THE DATA Block Start

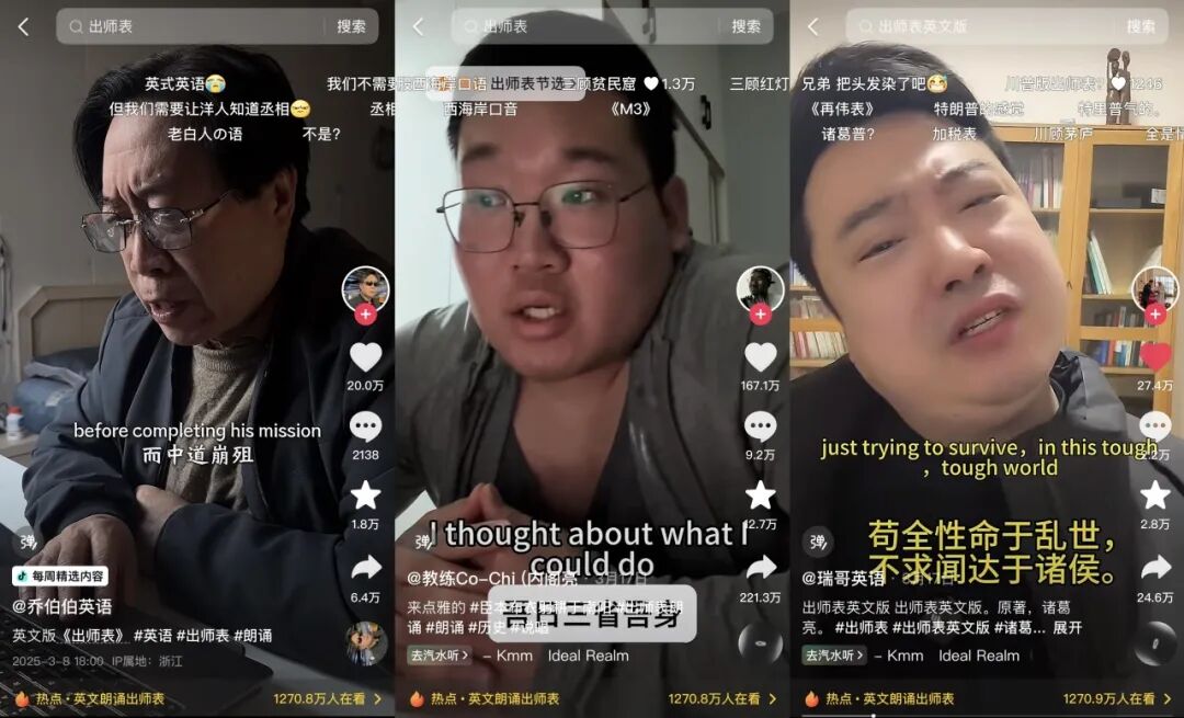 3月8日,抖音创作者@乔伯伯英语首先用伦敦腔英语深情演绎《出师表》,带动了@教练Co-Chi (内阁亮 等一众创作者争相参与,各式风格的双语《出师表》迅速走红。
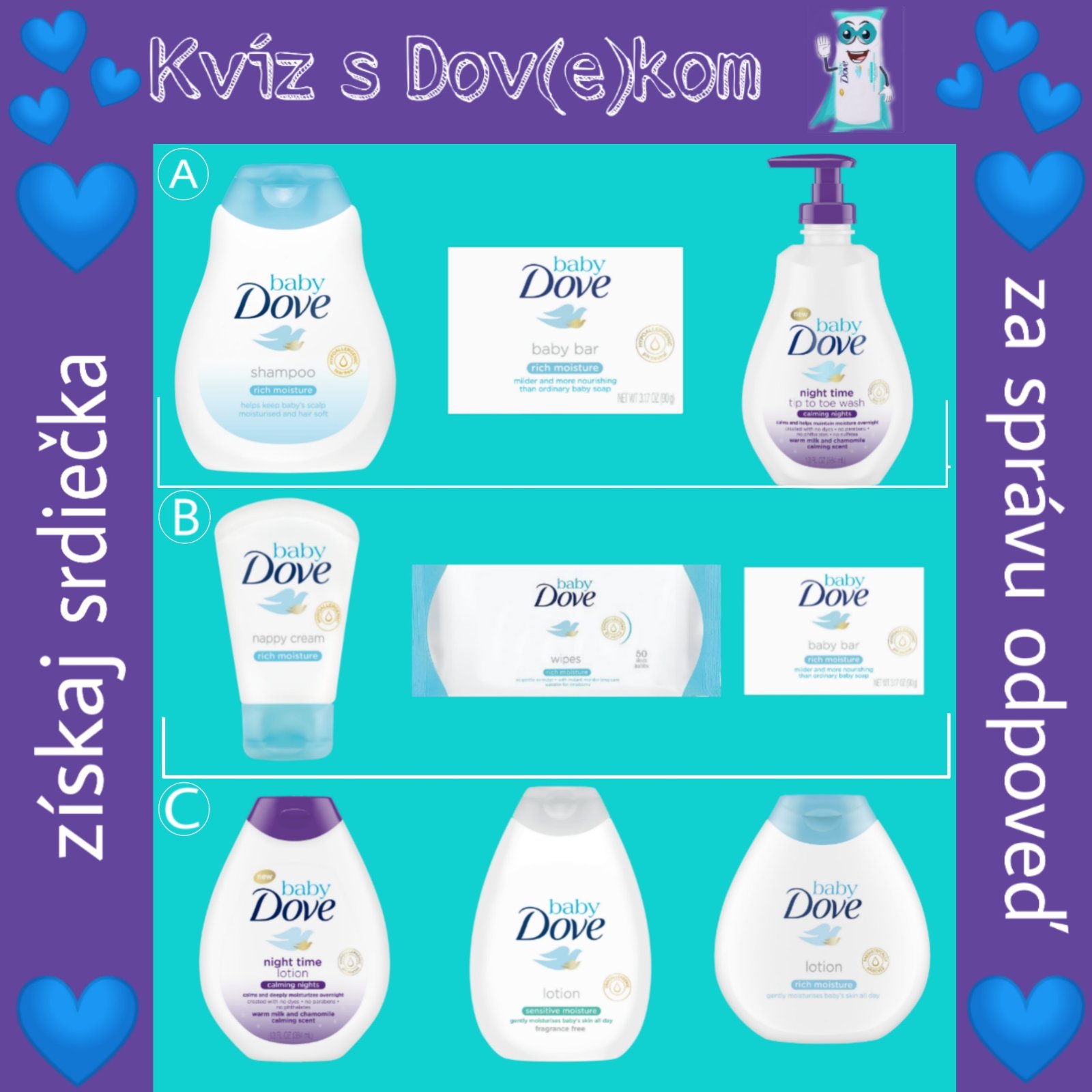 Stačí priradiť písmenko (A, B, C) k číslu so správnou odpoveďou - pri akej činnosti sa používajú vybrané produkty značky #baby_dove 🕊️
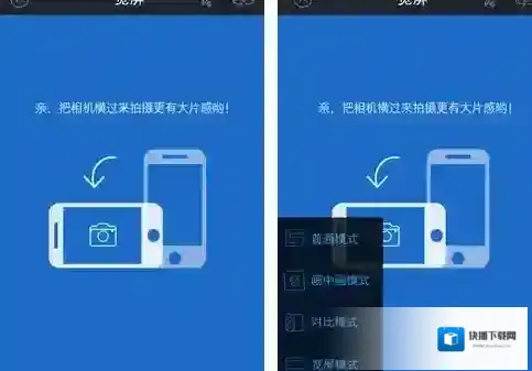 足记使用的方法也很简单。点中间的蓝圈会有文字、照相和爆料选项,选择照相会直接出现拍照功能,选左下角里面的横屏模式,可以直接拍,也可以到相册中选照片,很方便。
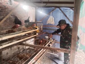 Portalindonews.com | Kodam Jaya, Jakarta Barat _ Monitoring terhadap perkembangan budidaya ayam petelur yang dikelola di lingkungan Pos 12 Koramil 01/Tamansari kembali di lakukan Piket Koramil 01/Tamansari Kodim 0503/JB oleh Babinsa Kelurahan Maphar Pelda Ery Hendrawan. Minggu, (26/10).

THE DATA Block End

### [ASSIGNED TASK]
The required answer is an exact, picture-free copy of the lines from the opening of the listing above through the line with "足记使用的方法也很简单。点中".

### [OUTPUT OF THE EXERCISE]
 3月8日,抖音创作者@乔伯伯英语首先用伦敦腔英语深情演绎《出师表》,带动了@教练Co-Chi (内阁亮 等一众创作者争相参与,各式风格的双语《出师表》迅速走红。
 Stačí priradiť písmenko (A, B, C) k číslu so správnou odpoveďou - pri akej činnosti sa používajú vybrané produkty značky #baby_dove 🕊️
 足记使用的方法也很简单。点中间的蓝圈会有文字、照相和爆料选项,选择照相会直接出现拍照功能,选左下角里面的横屏模式,可以直接拍,也可以到相册中选照片,很方便。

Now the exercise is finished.